Also, I realize now I forgot to mention domain hacks, which I think do give
non-.com TLDs a lot more value than they'd otherwise have.

> But I think .com is being undermined quite effectively simply by it being
> "impossible" to find good names.

In my opinion, a "just okay" .com is better than a good domain with some other
TLD. I suspect this is a pretty common opinion.

> I also think this is more apparent outside of the US, where we're used to
> using ccTLDs a lot more often

I thought about this when I wrote my comment, but as an American it's not
something I'm especially familiar with. Our own ccTLD .us isn't commonly used.

> I hardly ever seem to visit ".info" or ".biz" (who launched at the same time
> as .name) sites, even though at the time (I have no idea what the relative
> counts are like today) they were vastly more successful than .name.

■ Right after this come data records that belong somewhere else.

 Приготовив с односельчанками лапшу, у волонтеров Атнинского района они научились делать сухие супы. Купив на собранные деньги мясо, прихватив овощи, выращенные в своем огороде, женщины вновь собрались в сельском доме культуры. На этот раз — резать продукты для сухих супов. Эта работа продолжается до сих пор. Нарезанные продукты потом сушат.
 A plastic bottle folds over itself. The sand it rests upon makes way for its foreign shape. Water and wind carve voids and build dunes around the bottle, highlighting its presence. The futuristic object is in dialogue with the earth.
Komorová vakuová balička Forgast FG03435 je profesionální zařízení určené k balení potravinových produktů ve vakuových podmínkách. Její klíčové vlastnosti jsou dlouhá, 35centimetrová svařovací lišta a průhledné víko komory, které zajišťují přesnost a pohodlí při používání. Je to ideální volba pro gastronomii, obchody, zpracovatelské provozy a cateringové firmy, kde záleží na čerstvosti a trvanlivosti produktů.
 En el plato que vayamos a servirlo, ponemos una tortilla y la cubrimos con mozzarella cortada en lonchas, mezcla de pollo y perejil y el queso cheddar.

I think the only reason these were ever popular is because they were priced so
cheaply. It seems like .info is/was mostly used for throwaway domains, and
.biz is just a terrible name. It's supposed to be for businesses, but it
sounds like it'd only be used by shady used car dealerships. Nevermind that
.com is officially for commercial entities anyways.

> While many of the ccTLDs have managed to build some level of popularity
> (e.g. ".io") and others seems to have faded into obscurity (".cx" used to be
> quite popular in tech circles, but I rarely see it any more).

I think .io is a fad that's going to die along with infinite scrolling
websites. The fantasy notion of a "startup" is trendy and sexy right now even
outside the industry, just like a "dotcom" was two decades ago. It'll fade
away just like .tv did after the novelty of TV services on the web went away.

Side note: would .tv still be big if Netflix used netflix.tv instead of
netflix.com?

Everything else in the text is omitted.